Na Amsterdam, Wenen en Kopenhagen wordt Brussel de vierde stek in de Europese veroveringstocht van het hippe, hybride woon- en werkmerk Zoku. “We bieden slim ingerichte loftappartementen aan in een lifestyle-hotelformule”, legt medeoprichter en managing director Marc Jongerius uit. Op de Zavel zal Zoku tegen begin 2026 zo’n 130 van die loftappartementen-met-diensten aanbieden (zie Woonformule voor global nomads).
In oktober kondigden de bouw- en vastgoedgroep Willemen en Telenet een joint venture aan voor de uitwerking van een nieuw woonconcept.
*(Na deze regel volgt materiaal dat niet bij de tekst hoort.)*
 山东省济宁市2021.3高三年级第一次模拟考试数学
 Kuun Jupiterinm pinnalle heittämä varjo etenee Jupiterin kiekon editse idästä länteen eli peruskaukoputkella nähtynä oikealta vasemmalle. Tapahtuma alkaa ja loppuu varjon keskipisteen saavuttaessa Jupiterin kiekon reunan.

In hun ‘woontotaaloplossing’ zal de huurder in een flexibele huurformule een vast bedrag per maand betalen, waarin alle kosten voor nutsvoorzieningen zijn opgenomen. Hij krijgt ook toegang tot extra diensten, zoals poets- en strijkhulp, een wassalon en autodelen.
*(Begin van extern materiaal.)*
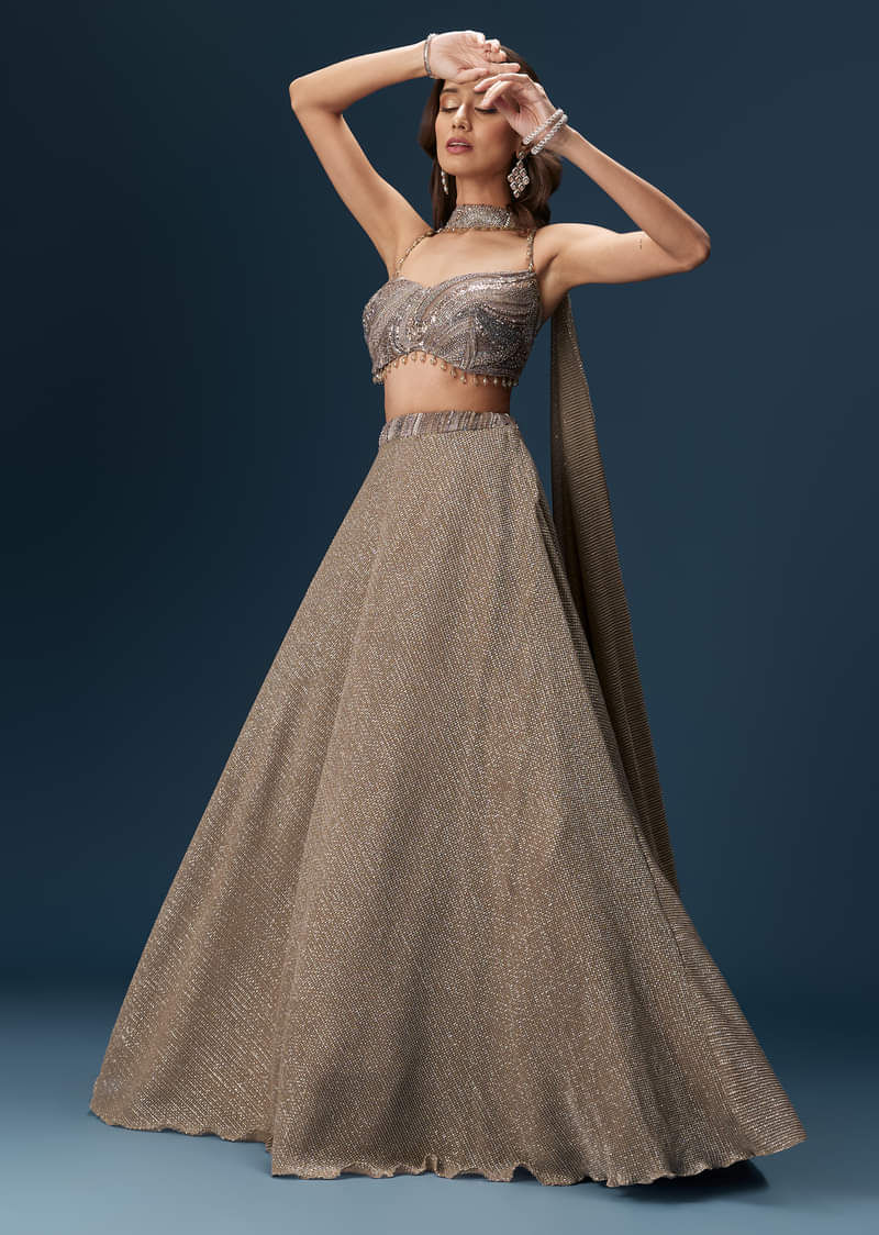 Brown Bridesmaid Lehenga With Choker Net Dupatta And Embellished Blouse

Het zijn maar twee voorbeelden die de opgang van het dienstenmodel in de vastgoedsector illustreren. Klassiek is vastgoed een kaal product met als belangrijkste maatstaf het aantal vierkante meters. De rol van de eigenaar is passief en beperkt: hij verhuurt het gebouw en zorgt voor het essentiële beheer van het pand. Het dienstenmodel – naar analogie met software as a service ook wel real estate as a service of vastgoed als een dienst genoemd – is meer klantgericht. “Bij vastgoed als een dienst koppelen we diensten, ervaringen en vaak ook een gemeenschapsgevoel aan een ruimte”, zegt Sven Lenaerts, head of CSR bij Immobel. De klassieke langetermijnhuurcontracten maken plaats voor flexibele abonnementsformules.
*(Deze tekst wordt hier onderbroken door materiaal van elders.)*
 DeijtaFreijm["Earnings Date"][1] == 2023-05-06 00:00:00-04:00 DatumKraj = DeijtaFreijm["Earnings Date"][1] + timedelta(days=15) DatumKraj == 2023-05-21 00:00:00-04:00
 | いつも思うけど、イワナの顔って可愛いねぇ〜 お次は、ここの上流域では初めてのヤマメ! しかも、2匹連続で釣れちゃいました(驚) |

In een blokje met acht appartementen is een dienstenmodel niet leefbaar. Je hebt een voldoende groot aantal units nodig’Alexander Laquiere, Willemen Groep
Werkplezier, flexibiliteit en geen zorgen
Bij Immobel staat vastgoed als een dienst hoog op de agenda. CEO Marnix Galle beschouwt het als “een van de grote en langetermijnkrachtlijnen in het vastgoed”. Hij staat niet alleen met die mening. In de nieuwste editie van het rapport Emerging Trends in Real Estate van PwC en Urban Land Institute bestempelt 89 procent van de ondervraagde vastgoedbonzen het dienstenmodel als een topprioriteit.
De verklaring voor zoveel bezorgdheid is simpel: het klassieke vastgoedproduct beantwoordt onvoldoende aan de gewijzigde behoeften. Dat kan leiden tot leegstand. Vooral in het kantorensegment is er een gevoel van urgentie. “Een leeg kantoorgebouw in Brussel is een financiële hel, want de kosten lopen heel snel op”, zegt Grégory Jurion, vastgoedexpert bij PwC. De eigenaars van saaie en kale kantoren zijn de grootste slachtoffers, stelt hij: “Bedrijven willen al enkele jaren liever kantoren die een beleving bieden. De coronacrisis heeft dat nog versterkt. Telewerken kan heel handig zijn, maar het is niet bevorderlijk voor teamwerk en het verzwakt de band met het bedrijf. Bedrijven willen hun mensen naar het kantoor krijgen, en dat lukt beter als dat een aantrekkelijke plek is waar je lekker kunt eten, tijdens de middagpauze een yogales kunt volgen en toegang hebt tot praktische diensten.”
De toegenomen aandacht voor de funfactor van werk wordt ook weleens gelinkt aan de intrede van de millennials en generatie Z op de arbeidsmarkt. Die jonge mensen zijn opgegroeid met de deel- en platformeconomie van Spotify, Airbnb en Netflix, en zouden meer waarde hechten aan ervaringen dan aan bezit.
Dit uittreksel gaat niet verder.